如果序列{x1,y1}和{x2,y2}界定了任意(x,y)曲线,而不是(x)曲线,我们需要一种分辨率的方法,以找到交叉点。 既然这样说并非完全清楚,因为“@unutbu”的解决办法在SciPy使用一个错误的推论者,我认为重新讨论这个问题可能是有益的。

import numpy as np
from numpy.linalg import norm
from scipy.optimize import fsolve
from scipy.interpolate import interp1d
import matplotlib.pyplot as plt

x1_array = np.array([1,2,3,4,6,8,9])
y1_array = np.array([4,12,7,1,6.3,8.5,12])
x2_array = np.array([1.4,2.1,3,5.9,8,9,23])
y2_array = np.array([2.3,3.1,1,3.9,8,9,11])

s1_array = np.linspace(0,1,num=len(x1_array))
s2_array = np.linspace(0,1,num=len(x2_array))

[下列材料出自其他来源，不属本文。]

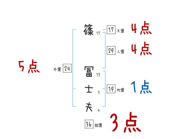 外運![]() | 篠冨士夫さんの外運は24画の5つ星!家庭運が良く順調な人生。金運にも恵まれる。 生活面を象徴する運勢です。外部から受ける影響力を表し、結婚運、家庭運や職場、環境への順応性を表します。 |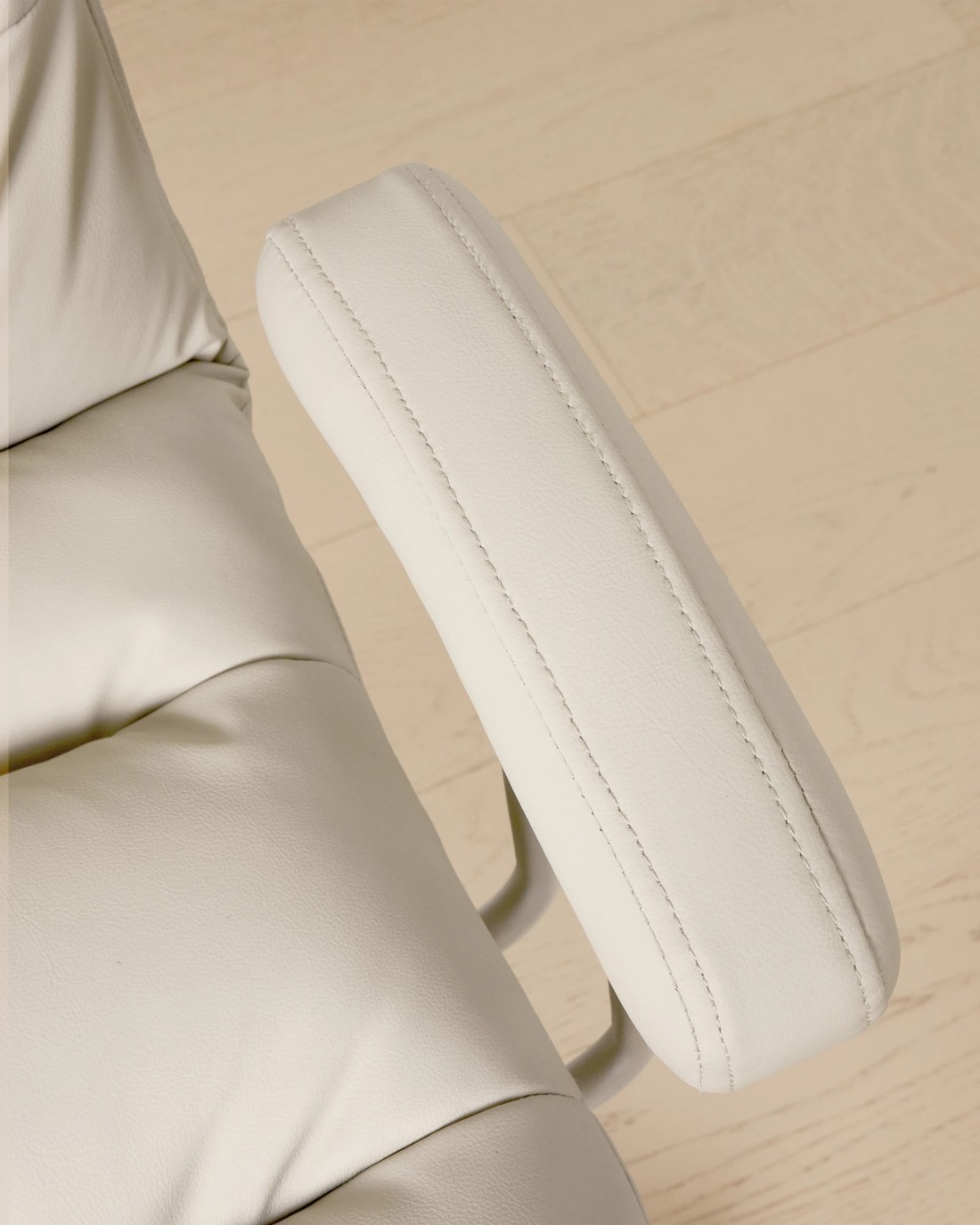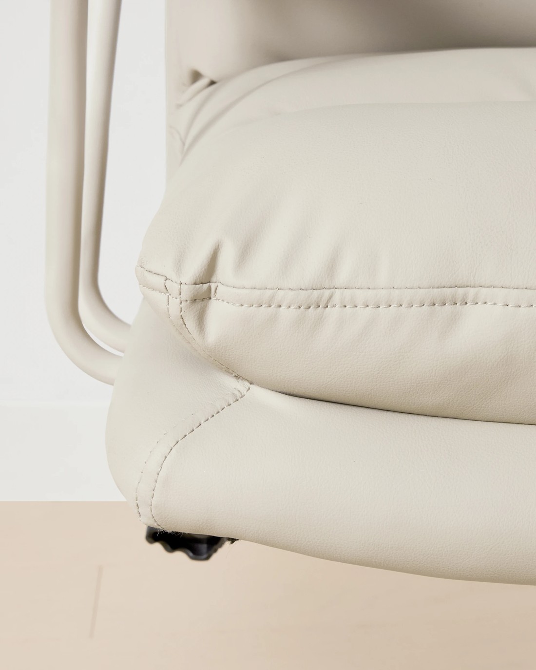 - Its cream faux leather upholstery offers a sleek appearance and is easy to maintain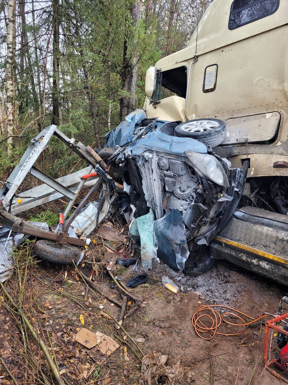 Сегодня, 14 октября, в 8:50 на 406 км федеральной трассы «Вятка» произошло столкновение «Хендай» и грузовика «ДАФ» с прицепом.По предварительным данным автоинспекторов, машины следовали во встречном направлении.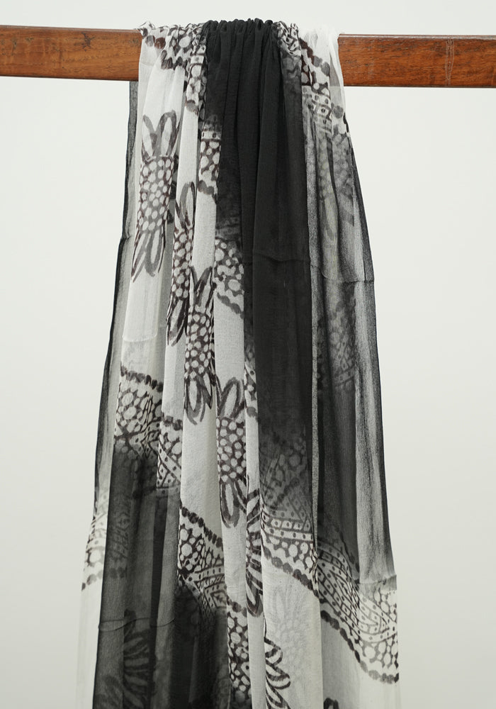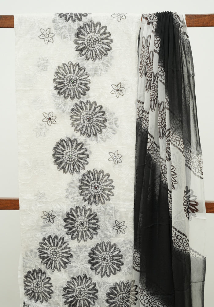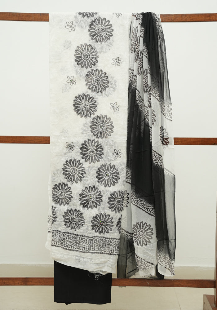 Black and White Block Printed Tepchi Kota Unstitched Salwar Set With Mirror Work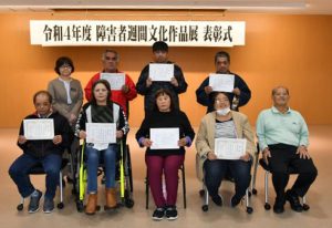 2022年度障害者週間「文化作品展」の表彰式が22日、市役所大ホールで開催された。5部門の各入賞者計11の団体、個人に座喜味一幸市長に代わり、仲宗根美佐子福祉部長から表彰状が手渡された。

# Arguments given to interp1d:
#  - extrapolate: to make sure we don t get a fatal value error when fsolve searches
#                 beyond the bounds of [0,1]
#  - copy: use refs to the arrays
#  - assume_sorted: because s_array ( x ) increases monotonically across [0,1]
kwargs_ = dict(fill_value= extrapolate , copy=False, assume_sorted=True)
x1_interp = interp1d(s1_array,x1_array, **kwargs_)
y1_interp = interp1d(s1_array,y1_array, **kwargs_)
x2_interp = interp1d(s2_array,x2_array, **kwargs_)
y2_interp = interp1d(s2_array,y2_array, **kwargs_)
xydiff_lambda = lambda s12: (np.abs(x1_interp(s12[0])-x2_interp(s12[1])),
                             np.abs(y1_interp(s12[0])-y2_interp(s12[1])))

s12_intercept, _, ier, mesg 
    = fsolve(xydiff_lambda, [0.5, 0.3], full_output=True) 

xy1_intercept = x1_interp(s12_intercept[0]),y1_interp(s12_intercept[0])
xy2_intercept = x2_interp(s12_intercept[1]),y2_interp(s12_intercept[1])

plt.plot(x1_interp(s1_array),y1_interp(s1_array), b. , ls= - , label= x1 data )
plt.plot(x2_interp(s2_array),y2_interp(s2_array), r. , ls= - , label= x2 data )
if s12_intercept[0]>0 and s12_intercept[0]<1:
    plt.plot(*xy1_intercept, bo , ms=12, label= x1 intercept )
    plt.plot(*xy2_intercept, ro , ms=8, label= x2 intercept )
plt.legend()

print( intercept @ s1={}, s2={}
 .format(s12_intercept[0],s12_intercept[1]), 
       intercept @ xy1={}
 .format(np.array(xy1_intercept)), 
       intercept @ xy2={}
 .format(np.array(xy2_intercept)), 
       fsolve apparent success? {}: "{}"
 .format(ier==1,mesg,), 
       is intercept really good? {}
 .format(s12_intercept[0]>=0 and s12_intercept[0]<=1 
      and s12_intercept[1]>=0 and s12_intercept[1]<=1 
      and np.isclose(0,norm(xydiff_lambda(s12_intercept)))) )

返回原住者,选择最初的gues [0.5,0.3]:

intercept @ s1=0.4761904761904762, s2=0.3825944170771757
intercept @ xy1=[3.85714286 1.85714286]
intercept @ xy2=[3.85714286 1.85714286]
fsolve apparent success? True: "The solution converged."
is intercept really good? True

这种方法只发现一个交叉点:我们需要在几个初步的电离层(如“unutbu s代码”那样)中进行消化,检查其真实性,并用<代码>np.close消除重复。 请注意,fsolve 可不实地表明在收益价值ier<>code/code>中成功地发现了交叉点,这就是为什么在此进行额外核对的原因。